Your task is to reproduce the listing exactly, without its images.

> **Information shown**:
· · · · · · ·
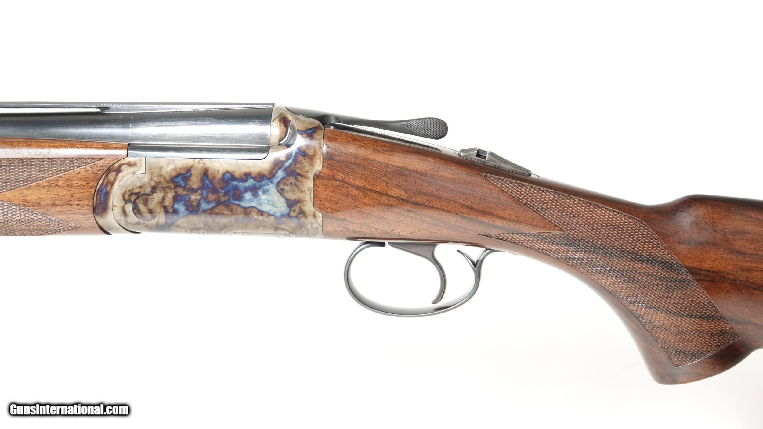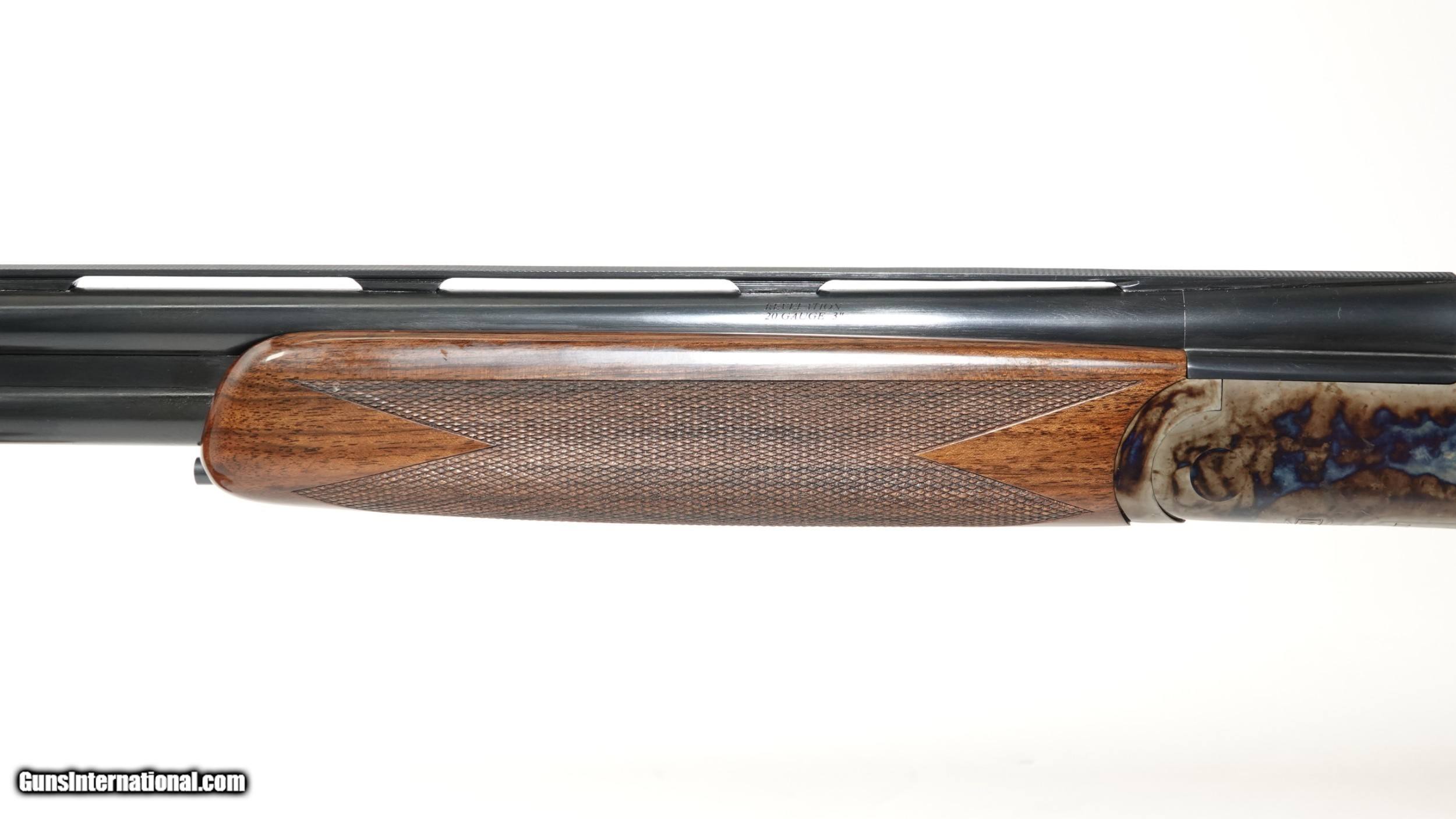 Description: CSMC - REVELATION 20g O/U ., 30” barrels, 5 screw in choke tubes (SK,IC,M,IM,F) Standard Walnut, pistol grip stock, high gloss finish, single selective trigger, automatic ejectors, automatic safety, vent rib, 3” chambers, spectacular bone & charcoal case coloring, excellent configuration. 100% brand new & unfired, available for immediate delivery. Inv# 46547 14 1/2” x 1 3/8” x 2 1/2” 6lb.6oz. $1,995.00 Shipping to lower 48: $35.00 SOLD |
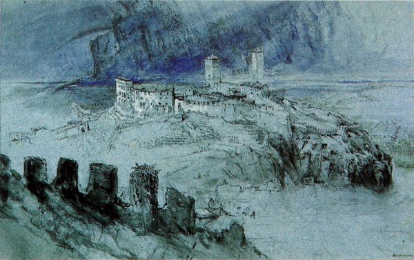 John Ruskin rendered this drawing of Itri with graphite, depicting a medieval commune crowned by its formidable castle. High atop a hill, the castle looms, symbolizing not just physical defense but also the dominion of power, much like citadels in ancient Greek art. These fortified structures echo through time. Think of the Tower of Babel, a potent symbol of human ambition, or the many castles dotting the European landscape. They all tap into our collective memory, stirring deep-seated feelings of awe, security, and, perhaps, fear. This impulse to build upwards towards the heavens, to create lasting monuments, embodies a very human desire to transcend our mortal existence. Here in Itri, Ruskin captures more than just a town; he encapsulates a timeless urge to establish our presence, to defend it, and to leave a lasting mark on the world, resonating across centuries.
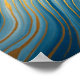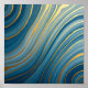 An abstract, fluid painting dominated by rich, deep, and luminous shades of blue, ranging from dark sapphire to lighter cerulean. The colors are applied in concentric and wavy stripes, creating a sense of dynamic, circular motion, reminiscent of water, waves, or agate stone. Striking, meandering lines of metallic gold weave across the surface, following the blue waves and providing a dramatic, luxurious contrast. The overall impression is one of elegant movement, depth, and richness.
· · · · · · ·
> **Answer for this exercise**:
 Description: CSMC - REVELATION 20g O/U ., 30” barrels, 5 screw in choke tubes (SK,IC,M,IM,F) Standard Walnut, pistol grip stock, high gloss finish, single selective trigger, automatic ejectors, automatic safety, vent rib, 3” chambers, spectacular bone & charcoal case coloring, excellent configuration. 100% brand new & unfired, available for immediate delivery. Inv# 46547 14 1/2” x 1 3/8” x 2 1/2” 6lb.6oz. $1,995.00 Shipping to lower 48: $35.00 SOLD |
 John Ruskin rendered this drawing of Itri with graphite, depicting a medieval commune crowned by its formidable castle. High atop a hill, the castle looms, symbolizing not just physical defense but also the dominion of power, much like citadels in ancient Greek art. These fortified structures echo through time. Think of the Tower of Babel, a potent symbol of human ambition, or the many castles dotting the European landscape. They all tap into our collective memory, stirring deep-seated feelings of awe, security, and, perhaps, fear. This impulse to build upwards towards the heavens, to create lasting monuments, embodies a very human desire to transcend our mortal existence. Here in Itri, Ruskin captures more than just a town; he encapsulates a timeless urge to establish our presence, to defend it, and to leave a lasting mark on the world, resonating across centuries.
 An abstract, fluid painting dominated by rich, deep, and luminous shades of blue, ranging from dark sapphire to lighter cerulean. The colors are applied in concentric and wavy stripes, creating a sense of dynamic, circular motion, reminiscent of water, waves, or agate stone. Striking, meandering lines of metallic gold weave across the surface, following the blue waves and providing a dramatic, luxurious contrast. The overall impression is one of elegant movement, depth, and richness.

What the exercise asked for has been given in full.